Beitrag von Matushka »

amaria, du hast Recht, ich habe nur halb aufgepasst. Es ging ja um den Spielplatz.
amaria hat geschrieben:Erzieherinnen dürfen hoffentlich noch parteiisch für Kinder sein.
Steck' den Sarkasmus weg.

Natuerlich duerfen sie das. Ich habe mich an der Attituede von Apfelkern gerieben, und dennoch versucht, neutral zu antworten.

Da dies ueberwiegend ein Erzieherforum ist, gibt es fuer mich viele Bereiche, aus denen ich mich eher raushalte. Wenn ich ab und zu mal eine weitere Sichtweise in den virtuellen Raum werfe, die sich nicht unbedingt haarklein mit Euren Beschwerden deckt, heisst das doch nicht, dass ich nicht auf der Seite der Kinder stehe.

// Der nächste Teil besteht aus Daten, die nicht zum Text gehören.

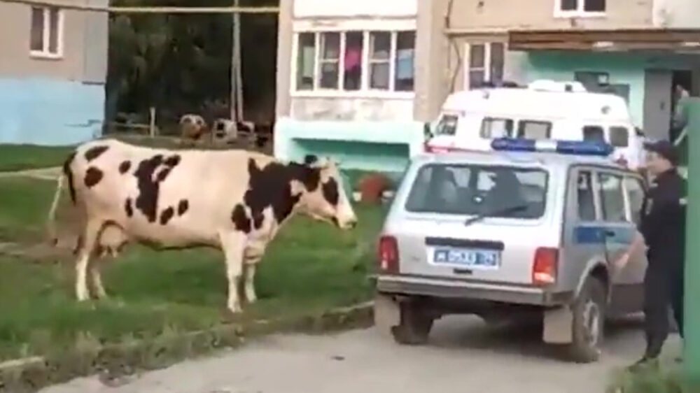 Koeien laten zich door Russische agent niet zomaar wegjagen Fun

Ein Gemeindeforum ist ueblicherweise dazu da, dass man sich austauscht. Ich hoffe, Apfelkern (immerhin ist sie Gruppenleiterin, wenn mich nicht alles taeuscht?) hat die Gelegenheit ergriffen und ihre Sichtweise professionell -- und vielleicht sogar richtig gut recherchiert -- ebenfalls dargestellt.

Wie gesagt, ich war von einer etwas anderen Ausgangslage ausgegangen. Wahrscheinlich haette ich meinen Beitrag noch etwas anders verfasst, wenn ich ordentlich aufgepasst haette. Dafuer bitte ich um Entschuldigung!